Release Date: 14th June 2019

Contents

About

Three Decca albums of popular Romantic classics remastered complete for this 2-CD set, compiled for the first time.

Recorded at London’s Kingsway Hall early in 1957 and first released in the US by RCA Victor, ‘Overtures in Spades’ was a collection of operatic openers that enjoyed more popular currency then than they do now: Suppé’s Light Cavalry still features on radio playlists, less so his overtures to Morning, Noon and Night in Vienna or The Queen of Spades, while three 19th-century pieces of polished craftsmanship by Adam, Auber and Hérold are hardly known today.

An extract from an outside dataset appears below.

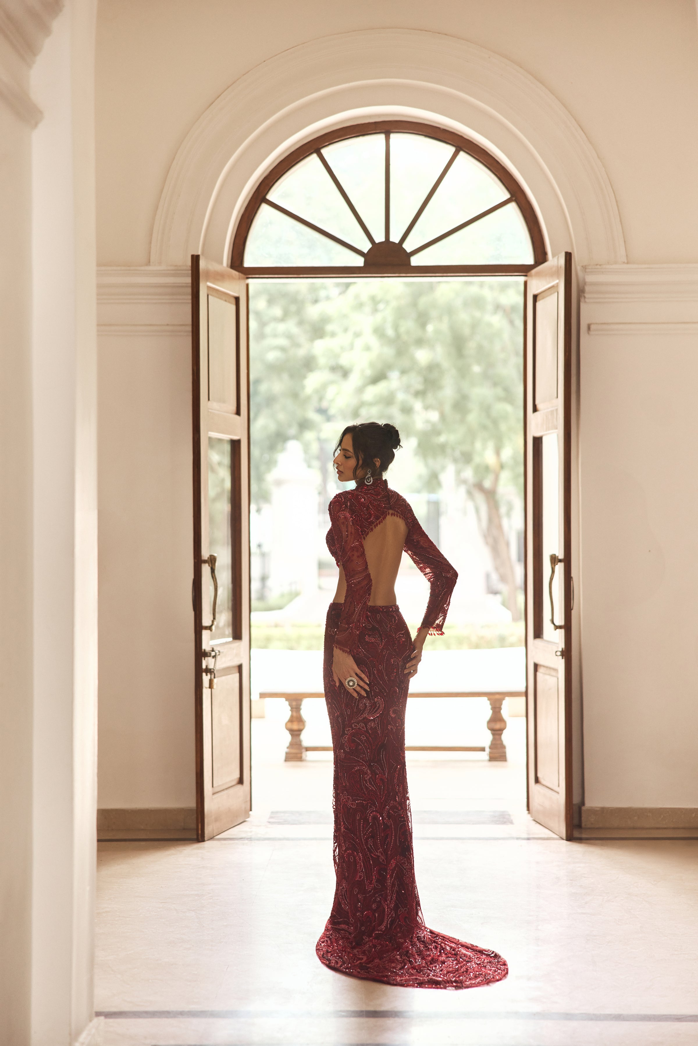 Maroon Embellished Trail Skirt Set

Reissued as ‘Overture! Overture!’ the album took another 12 years to be incorporated within the Decca catalogue, though the reviewers had enjoyed the dynamic Decca sound of the original recording as well as the full-bodied, exciting performances of a London studio band under the directorship of Raymond Agoult, a seasoned, Hungarian-born conductor of popular and light classics. In 1958 Agoult and the New Symphony Orchestra made a second record for Decca, ‘Clair de lune’, featuring gentle Andantes and tender Adagios - a Classic FM album before its time - by the likes of Debussy, Elgar, Tchaikovsky and Massenet.

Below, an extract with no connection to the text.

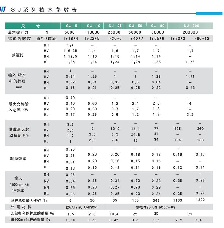 SJ係列升降機有_的設計,緊湊的箱體,比MA係列價格更低,工作製也低。MA係列齒輪箱體設(shè)計更適(shì)合於重負載、高工作製的場合。SJ係(xì)列的負載範(fàn)圍(wéi)在0.5噸~20噸之間,推杆線速度_快可達到30mm/s,輸入速度_為1500r/min;輸入形式多樣,10分鍾的(de)工作製為20%,工作環境溫度為-10℃~70℃;而MA係列的負載_可達到35噸(dūn),輸(shū)入速度更是(shì)_達到3000r/min,可提供雙(shuāng)頭三頭絲杆和滾珠絲杆;附件配置多:限位(wèi)開關,防塵罩,安全螺母,防反轉裝置。10分鍾的工作製為30%(環境溫度為-10℃~70℃)。

Newly remastered from the original tapes, both albums are coupled on this Eloquence reissue with a rare LP of Waldteufel waltzes under the direction of another experienced, British-based session musician, the Australian-born Douglas Gamley. Waldteufel’s art lay in combining the easygoing feel and nostalgic pull of the Viennese waltz with a more brilliant, French style of orchestration: a synthesis that endeared him to English audiences in particular. This collection fills out a portrait of the composer beyond the ubiquitous Skaters’ Waltz to present six further waltzes and a Grenadiers march scored with surprising delicacy.

‘The recording... is a humdinger, with a resounding lower region, unbelievably powerful dynamics, excellent balance and marvellously sweet string tone.’ - High Fidelity, August 1958 (‘Overtures in Spades’)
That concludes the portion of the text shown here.